Your objective: Reproduce word for word, from the entries below, the line with "利便性のとても良い都会での暮", the line with "tangerina, mandarina, durazno", and every line between them, and nothing more.

The data:
# # # #
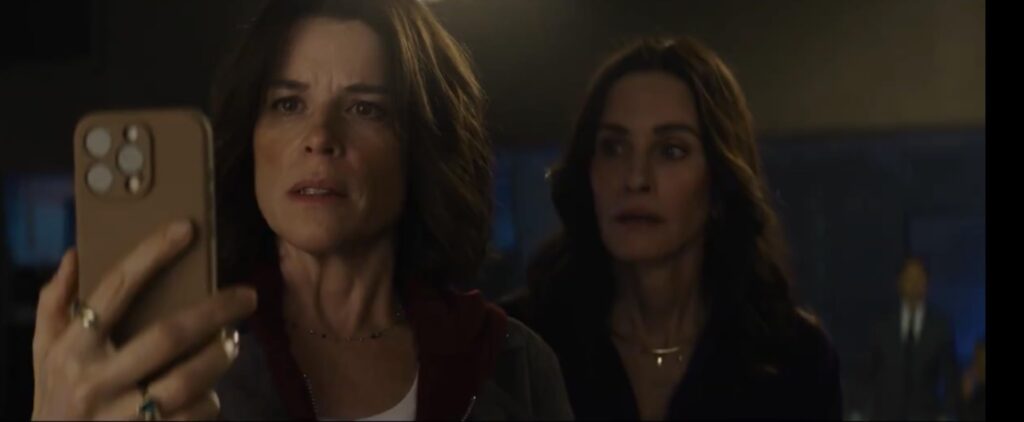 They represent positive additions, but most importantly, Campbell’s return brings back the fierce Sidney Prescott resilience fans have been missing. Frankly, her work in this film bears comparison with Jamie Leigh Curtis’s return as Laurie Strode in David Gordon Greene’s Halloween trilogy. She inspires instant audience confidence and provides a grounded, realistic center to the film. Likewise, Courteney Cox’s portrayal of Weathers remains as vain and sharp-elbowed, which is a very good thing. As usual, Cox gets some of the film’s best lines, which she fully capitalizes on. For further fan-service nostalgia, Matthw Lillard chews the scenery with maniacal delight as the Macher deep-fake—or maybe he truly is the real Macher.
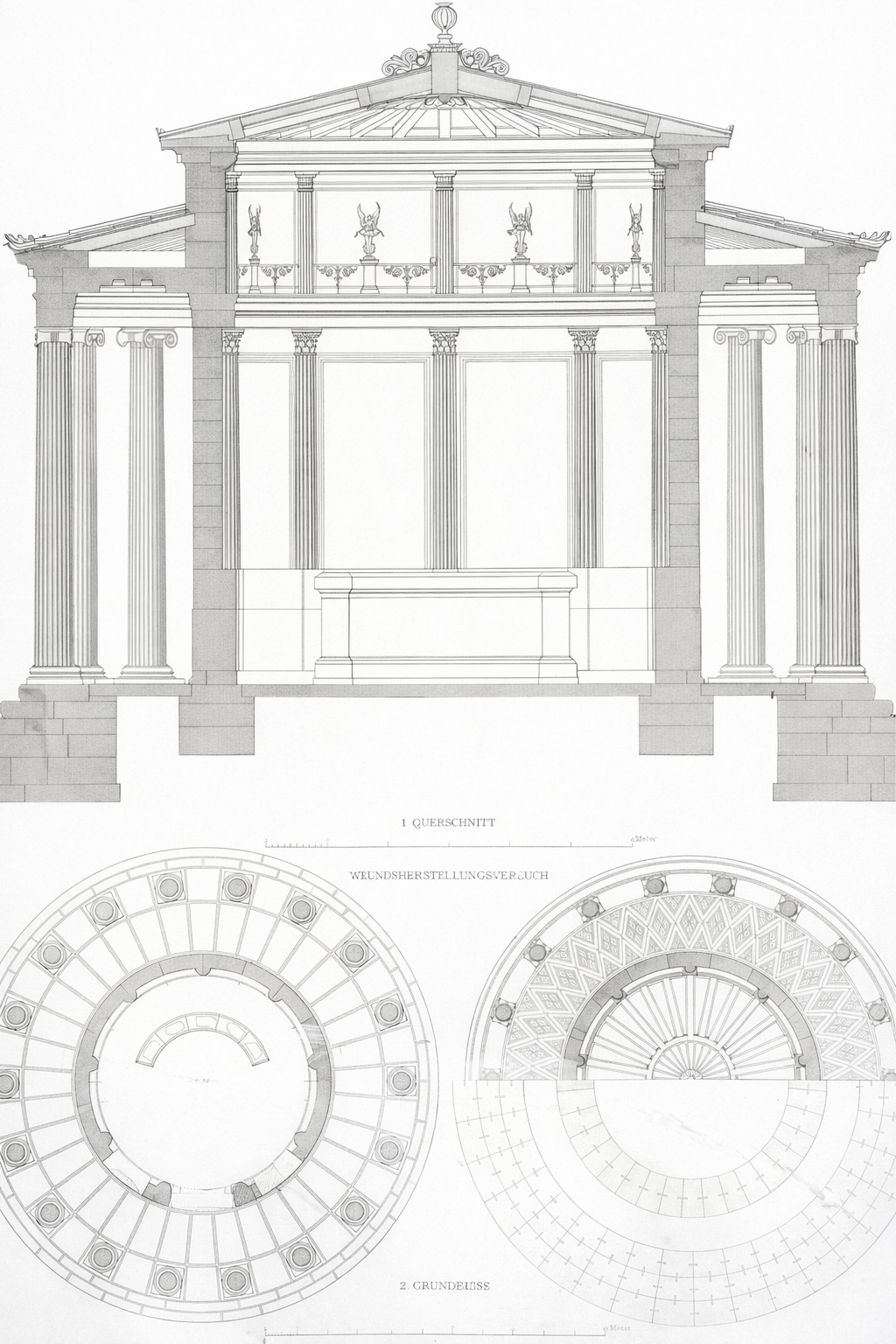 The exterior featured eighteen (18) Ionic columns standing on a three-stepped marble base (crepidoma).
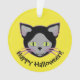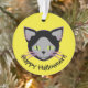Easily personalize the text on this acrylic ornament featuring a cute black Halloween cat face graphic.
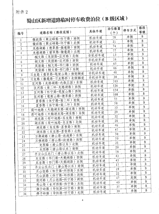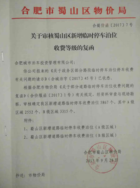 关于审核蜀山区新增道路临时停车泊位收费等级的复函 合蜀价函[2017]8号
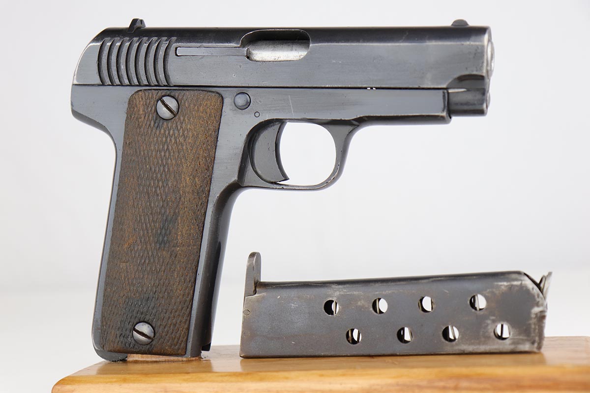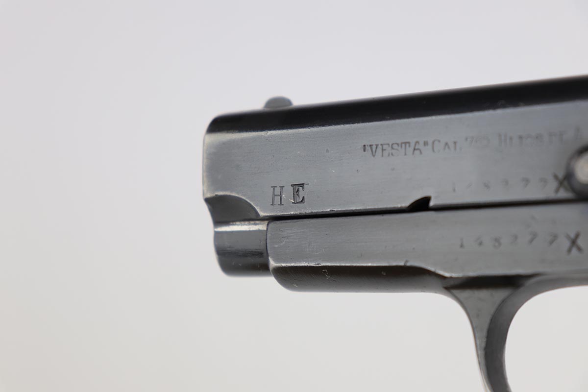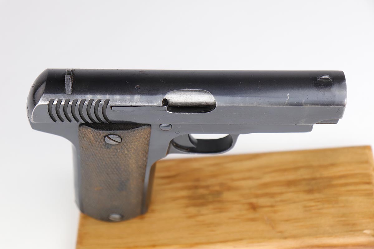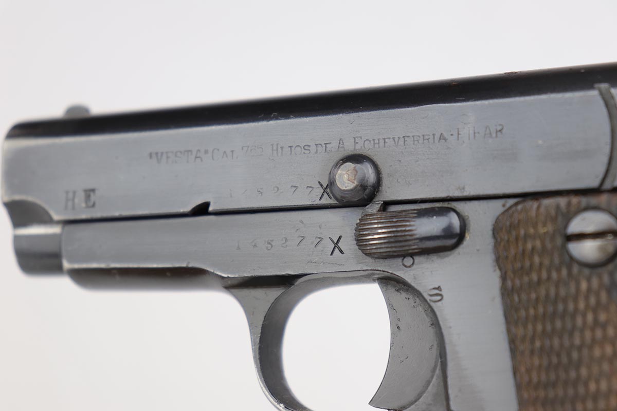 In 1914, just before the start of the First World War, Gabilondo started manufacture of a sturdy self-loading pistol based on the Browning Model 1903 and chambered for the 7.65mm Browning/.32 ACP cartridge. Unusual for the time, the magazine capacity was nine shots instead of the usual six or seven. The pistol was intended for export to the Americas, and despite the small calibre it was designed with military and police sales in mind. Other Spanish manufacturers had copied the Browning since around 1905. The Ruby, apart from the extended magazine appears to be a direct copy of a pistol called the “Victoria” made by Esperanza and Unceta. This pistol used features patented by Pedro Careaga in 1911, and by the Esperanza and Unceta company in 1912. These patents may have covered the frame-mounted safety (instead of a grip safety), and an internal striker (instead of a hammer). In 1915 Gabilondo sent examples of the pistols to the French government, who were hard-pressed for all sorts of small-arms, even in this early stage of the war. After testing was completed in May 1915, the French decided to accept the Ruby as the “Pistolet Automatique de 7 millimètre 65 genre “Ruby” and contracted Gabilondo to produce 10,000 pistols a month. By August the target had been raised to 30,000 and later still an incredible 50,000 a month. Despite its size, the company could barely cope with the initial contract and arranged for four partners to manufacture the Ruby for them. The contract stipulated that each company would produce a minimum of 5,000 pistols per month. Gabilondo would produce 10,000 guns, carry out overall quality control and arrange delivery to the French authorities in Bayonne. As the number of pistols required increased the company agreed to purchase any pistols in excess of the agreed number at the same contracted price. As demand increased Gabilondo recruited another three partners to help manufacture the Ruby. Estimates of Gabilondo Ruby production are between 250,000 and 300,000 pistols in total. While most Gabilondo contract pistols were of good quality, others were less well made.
# # # #
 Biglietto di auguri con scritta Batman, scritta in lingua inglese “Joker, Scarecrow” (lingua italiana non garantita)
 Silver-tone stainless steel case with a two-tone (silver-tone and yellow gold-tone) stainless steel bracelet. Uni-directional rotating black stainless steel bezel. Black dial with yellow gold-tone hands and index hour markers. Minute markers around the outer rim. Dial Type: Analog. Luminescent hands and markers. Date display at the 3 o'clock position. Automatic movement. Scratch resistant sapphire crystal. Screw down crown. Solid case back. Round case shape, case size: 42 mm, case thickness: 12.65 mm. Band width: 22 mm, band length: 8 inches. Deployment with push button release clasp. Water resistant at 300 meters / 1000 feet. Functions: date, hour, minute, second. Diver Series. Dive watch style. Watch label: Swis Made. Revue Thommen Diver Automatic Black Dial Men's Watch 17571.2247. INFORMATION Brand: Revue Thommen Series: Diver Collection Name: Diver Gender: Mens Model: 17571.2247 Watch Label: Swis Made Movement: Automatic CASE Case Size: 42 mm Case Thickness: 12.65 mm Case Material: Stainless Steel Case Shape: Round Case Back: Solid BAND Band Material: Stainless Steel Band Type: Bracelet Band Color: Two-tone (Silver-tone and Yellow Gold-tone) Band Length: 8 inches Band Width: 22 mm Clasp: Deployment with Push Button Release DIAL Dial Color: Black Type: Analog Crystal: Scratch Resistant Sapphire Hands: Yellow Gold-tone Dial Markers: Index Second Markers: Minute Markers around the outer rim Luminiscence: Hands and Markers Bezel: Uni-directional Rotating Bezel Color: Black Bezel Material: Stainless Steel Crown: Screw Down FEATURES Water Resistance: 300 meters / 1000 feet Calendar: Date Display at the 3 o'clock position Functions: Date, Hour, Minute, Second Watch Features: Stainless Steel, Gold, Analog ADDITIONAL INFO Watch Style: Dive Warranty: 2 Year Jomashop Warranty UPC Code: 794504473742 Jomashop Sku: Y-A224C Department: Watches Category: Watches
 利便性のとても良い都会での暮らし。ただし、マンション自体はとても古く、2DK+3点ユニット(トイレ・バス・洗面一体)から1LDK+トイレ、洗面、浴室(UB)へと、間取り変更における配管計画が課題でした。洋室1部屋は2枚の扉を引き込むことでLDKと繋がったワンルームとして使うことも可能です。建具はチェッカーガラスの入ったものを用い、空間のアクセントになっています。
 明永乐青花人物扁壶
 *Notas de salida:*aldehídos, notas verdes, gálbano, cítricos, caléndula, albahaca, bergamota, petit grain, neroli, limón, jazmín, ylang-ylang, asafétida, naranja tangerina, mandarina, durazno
# # # #
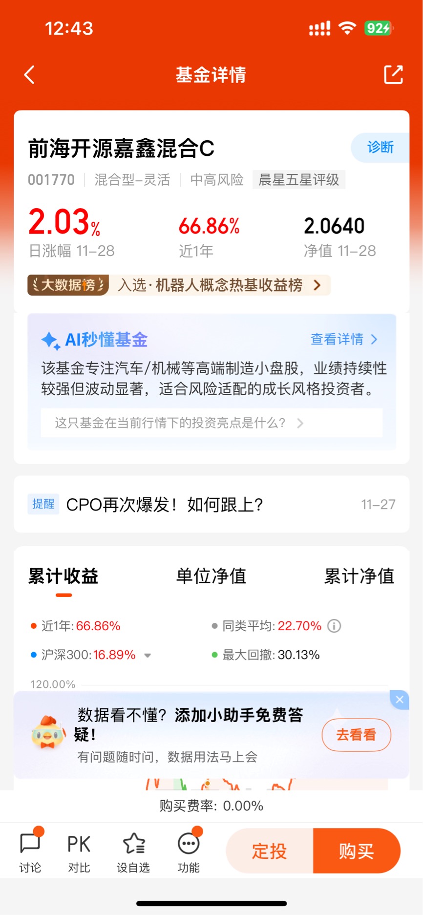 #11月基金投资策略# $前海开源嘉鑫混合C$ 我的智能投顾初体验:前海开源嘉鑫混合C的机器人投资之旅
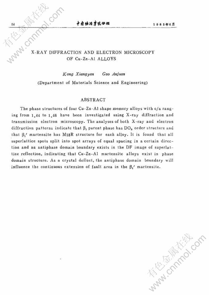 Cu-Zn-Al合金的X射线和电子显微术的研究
# # # #
Solution to this task:
 利便性のとても良い都会での暮らし。ただし、マンション自体はとても古く、2DK+3点ユニット(トイレ・バス・洗面一体)から1LDK+トイレ、洗面、浴室(UB)へと、間取り変更における配管計画が課題でした。洋室1部屋は2枚の扉を引き込むことでLDKと繋がったワンルームとして使うことも可能です。建具はチェッカーガラスの入ったものを用い、空間のアクセントになっています。
 明永乐青花人物扁壶
 *Notas de salida:*aldehídos, notas verdes, gálbano, cítricos, caléndula, albahaca, bergamota, petit grain, neroli, limón, jazmín, ylang-ylang, asafétida, naranja tangerina, mandarina, durazno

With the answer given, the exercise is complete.